"We do know that the Verma Commission report that will be considered by the government, has not endorsed that the age be reduced...So if you like the Verma Commission report then you will have to like everything about it. But not necessarily, the government may have second views on it. The government will consider it," he said on Friday.
The minister was speaking at the launch of NGO Save the Children's new report on ending poverty.
"We must not react by looking at anything, no matter how urgent it looks, in isolation. You have to understand why the (Juvenile Justice) Act was done in the first place, why 18 was chosen at the first place...Then you may make the case for 16, 14, 10 or whatever," Khurshid said.
He, however, said there can be some "exceptions" and the parliament will consider it.
The Juvenile Justice Board earlier this week had declared the sixth accused in the December 16 gangrape case as minor, triggering demand for lowering the age ceiling for juveniles. The accused was described as the most brutal of the accused by Delhi Police in its charge sheet.
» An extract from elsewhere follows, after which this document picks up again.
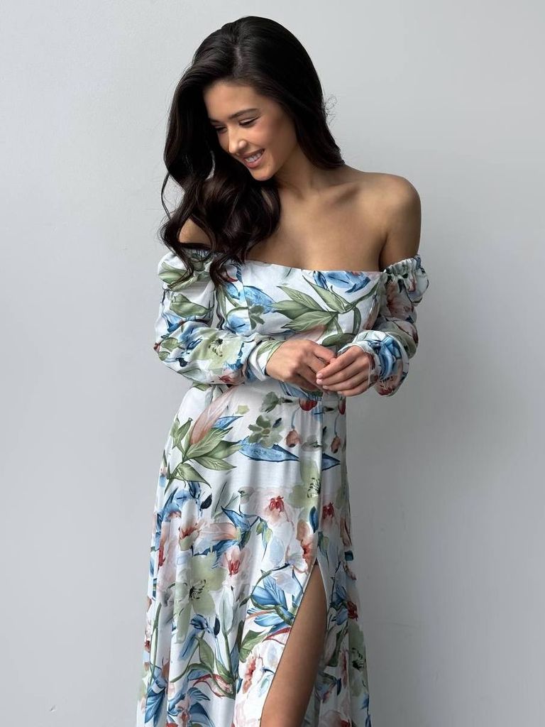 Силует сукні напівприталений, що делікатно окреслює форми, не сковуючи рухів. Довгі рукави з подовженим кроєм і невеликим об’ємом у плечах додають витонченого акценту, а гумка на плечах дозволяє носити сукню двома способами — класично або зі спущеними плечима. Виріз прямокутний, що гармонійно підкреслює зону декольте, а розріз на ніжці додає легкості та витонченості рухам.

"As I said there are innovative ways of doing it...In the UK and some parts of the world, exceptions are provided for juveniles who had got involved in a particular kind of criminal activity so that not every juvenile have to go through that," Khurshid said.
He said the issue will be examined by the parliament in due course of time.
Earlier, in the event, the minister inaugurated Save the Children's new report 'Ending Poverty in Our Generation' which outlined a new development framework for ending extreme poverty in the next 20 years.
The NGO has proposed that these specific new targets to replace the Millennium Development Goals (MDGs) once their deadline ends in 2015.
Speaking at the gathering, Khurshid lauded the report and said it will be of immense use to leaders across the globe.
"Innovation will play a big role post-2015 and India is committed to such innovations as are suggested by this report," he added.
The MDGs are eight international targets adopted by every UN member state in 2000 with commitments to tackle global ills such as extreme poverty, child deaths and a lack of free education.
Progress has been mixed with some developing countries on track to achieve all targets and others looking unlikely to meet any, the report says.